## THE PROBLEM
Write out, without any change, the lines in the material below that run from the line with "un arriate |" through the line with "コマンドキー+Finderの", both included.

## ENTRIES SUPPLIED
=== Section Start ===

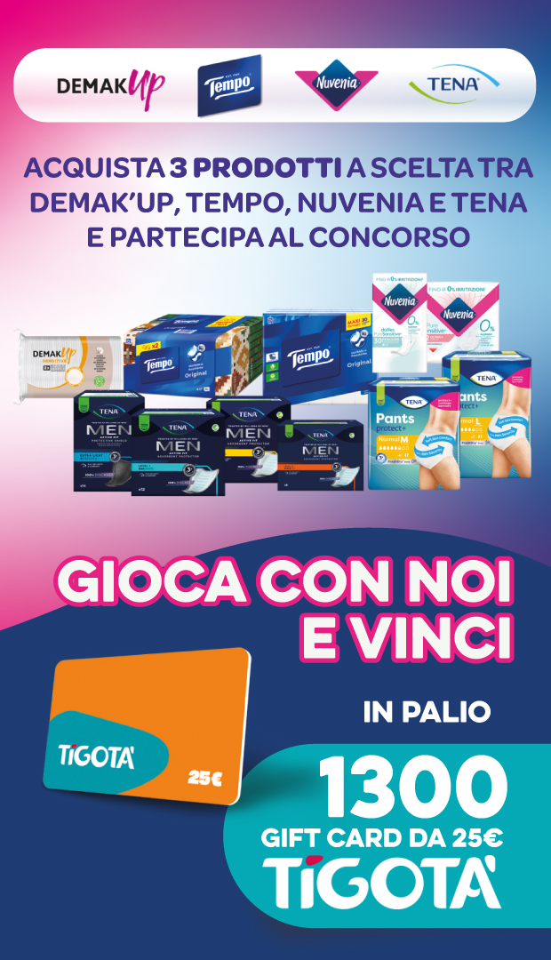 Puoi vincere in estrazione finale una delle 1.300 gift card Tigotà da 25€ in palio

=== Section End ===
=== Section Start ===

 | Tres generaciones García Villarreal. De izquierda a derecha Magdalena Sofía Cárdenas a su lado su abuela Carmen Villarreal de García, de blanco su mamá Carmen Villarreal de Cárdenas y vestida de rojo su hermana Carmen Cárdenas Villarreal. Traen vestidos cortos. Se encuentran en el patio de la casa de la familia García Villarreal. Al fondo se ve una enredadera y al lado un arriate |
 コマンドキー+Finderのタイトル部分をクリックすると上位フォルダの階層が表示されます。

=== Section End ===

## REPLY TO THE EXERCISE
 | Tres generaciones García Villarreal. De izquierda a derecha Magdalena Sofía Cárdenas a su lado su abuela Carmen Villarreal de García, de blanco su mamá Carmen Villarreal de Cárdenas y vestida de rojo su hermana Carmen Cárdenas Villarreal. Traen vestidos cortos. Se encuentran en el patio de la casa de la familia García Villarreal. Al fondo se ve una enredadera y al lado un arriate |
 コマンドキー+Finderのタイトル部分をクリックすると上位フォルダの階層が表示されます。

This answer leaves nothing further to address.